This was on a motion to move to an immediate vote on the resolution or “rule” setting the terms for debating the bill to provide additional fiscal year 2009 funding for the wars in Iraq and Afghanistan. The rule allowed the Appropriations Committee, which had developed the bill, to offer a major amendment to it, but did not allow Members to offer individual amendments. Although there was general bipartisan support for the additional funding, the Republican minority opposed the rule setting the terms for considering the bill, because it did not allow for any individual amendments to be offered. It also opposed the motion to move to an immediate vote on the rule.
Rep. Dreier (R-CA) expressed the position of the Republican minority when he said “the Democratic leadership has done a less than perfect job in dealing with the request for bipartisanship, shutting out Republicans and injecting a greater and greater amount of partisanship into the legislative process. There are some key improvements that I believe need to be made.
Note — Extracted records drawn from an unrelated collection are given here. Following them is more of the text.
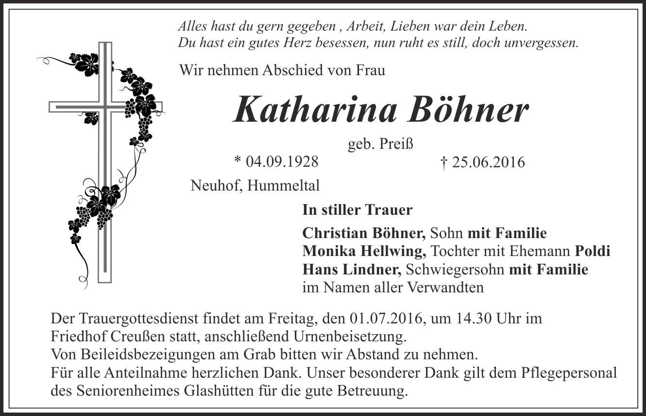 Der Trauergottesdienst mit anschließender Urnenbeisetzung findet am Freitag, den 01.07.2016, um 14.30 Uhr in Creußen statt. Für alle Anteilnahme herzlichen Dank.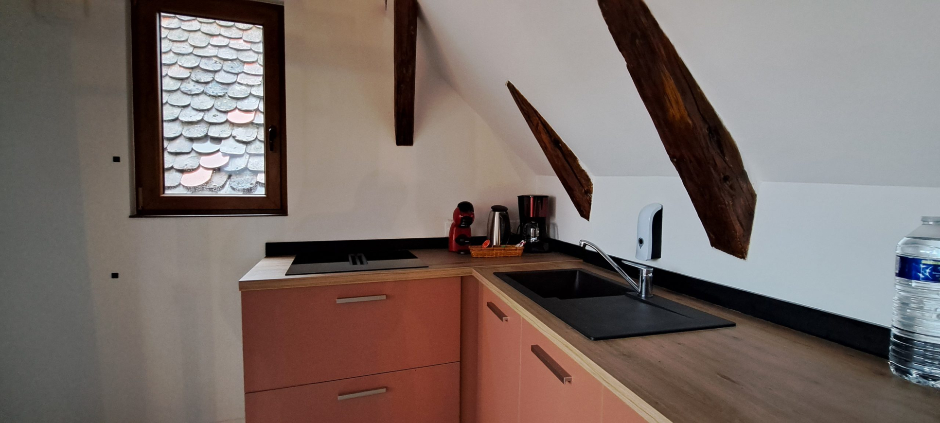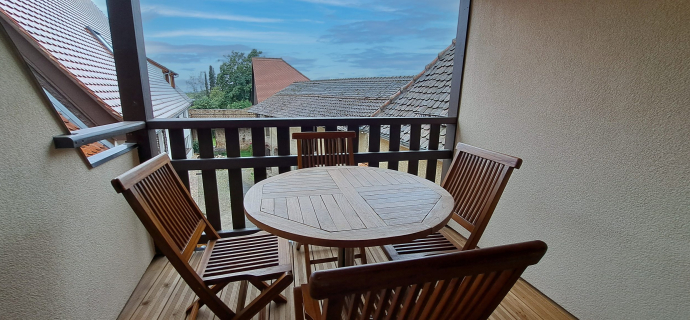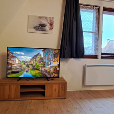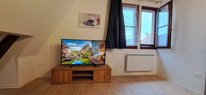 Dit gerenoveerde appartement van 48 m² bevindt zich op de 2ᵉ verdieping van een klein, karakteristiek gebouw en betovert met zijn warme sfeer en zichtbare balken, kenmerkend voor de Elzasser architectuur. Het is volledig uitgerust en biedt alle comfort voor een rustig verblijf van een paar dagen of een week.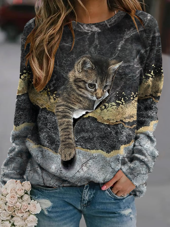 Cat Print Daily Heavyweight Crew Neck Casual Loose Long Sleeve Sweatshirt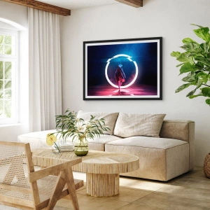 Poster in cornice nera - Un personaggio in un ambiente futuristico con un cerchio al neon - 70x50cm - Tra due mondi - Decorazione murale moderna per soggiorno e camera da letto ARTTOR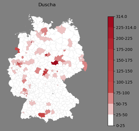 Relative Verteilung des Namens Duscha (1996)Direkt zur Karte Die Farbskala zeigt die Anzahl von "Duscha" bezogen auf je 1 Million Einträge. |
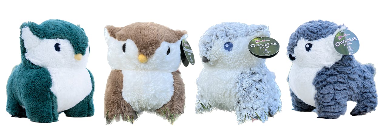 avaliable owlbear colors Left to right (Mossy, Brown, Snowy, Charcoal)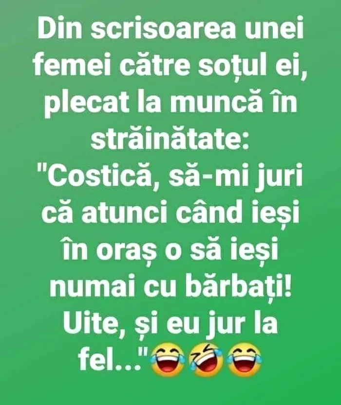 – Costică, să-mi juri că atunci când ieși în oraș, o să ieși numai cu băieți. Uite, și eu jur la fel…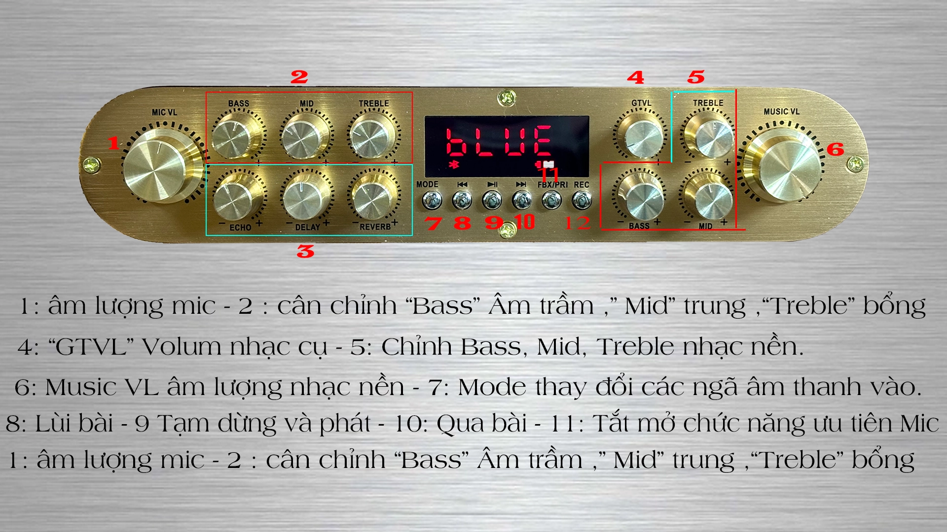 Mạch xử lý âm thanh T600 pro tícch hợp 2 chip DSP , 1 cho nhạc nền, 1 cho chi tiết giọng hát, Chúng ta có thể cân chỉnh giọng hát 3 dãi tần chi tiết Âm trầm, âm trung, âm bông để cho gióng hát được tròn vành rỏ chữ, Bộ 3 hiệu ứng Reverb , Echo, Delay giúp cho giọng hát bay và mượt khi hát karaoke bên cạnh đó phaanf nhạc nền có thể tăng giảm âm Mid để giợng hát của các bạn hòa quyện và beat nhạc.

Unfortunately, the rule that we are considering today prevents any amendments from being considered. Even amidst this great bipartisan effort, the Democratic leadership has chosen to tarnish the outcome by refusing to allow debate on a number of key issues.”
Referring to this vote, Dreier said “the vote on whether to order the previous question on a special rule is not merely a procedural vote. A vote against ordering the previous question is a vote against the Democratic majority agenda and a vote to allow the opposition, at least for the moment, to offer an alternative plan.”
The leading issue on which the Republicans wanted to offer amendments related to the closing of the detention facility at Guantanamo Bay. Rep. Boehner (R-OH), the House Minority Leader, encouraged Members to vote ‘‘no’’ on the motion to move to an immediate vote on the rule, so that the House could have what he termed “a fair and open debate on (the Guantanamo) issue and (give) Members the opportunity to allow the House to work its will . . . .” Rep. Rogers (R-KY) noted other issues on which he thought the supplemental appropriations should have focused, including drug enforcement. He urged a “no” vote on the motion, after which, he argued, “we can be allowed to bring these matters to this bill.”
Rep. Perlmutter (D-CO), who was leading the effort on behalf of the rule and for moving to an immediate vote on it, did not respond directly to the arguments of the Republicans. He did claim that the amendment prepared by the Appropriations Committee, which the rule made in order to be offered, was drafted “in the spirit of bipartisanship”.
The motion passed by a vote of 240-188. All two hundred and forty “aye” votes were cast by Democrats. One hundred and seventy-eight Republicans and ten Democrats voted “nay”. As a result, the House moved immediately to a vote on the rule setting the terms for debating the bill providing additional fiscal year 2009 funding for the wars in Iraq and Afghanistan.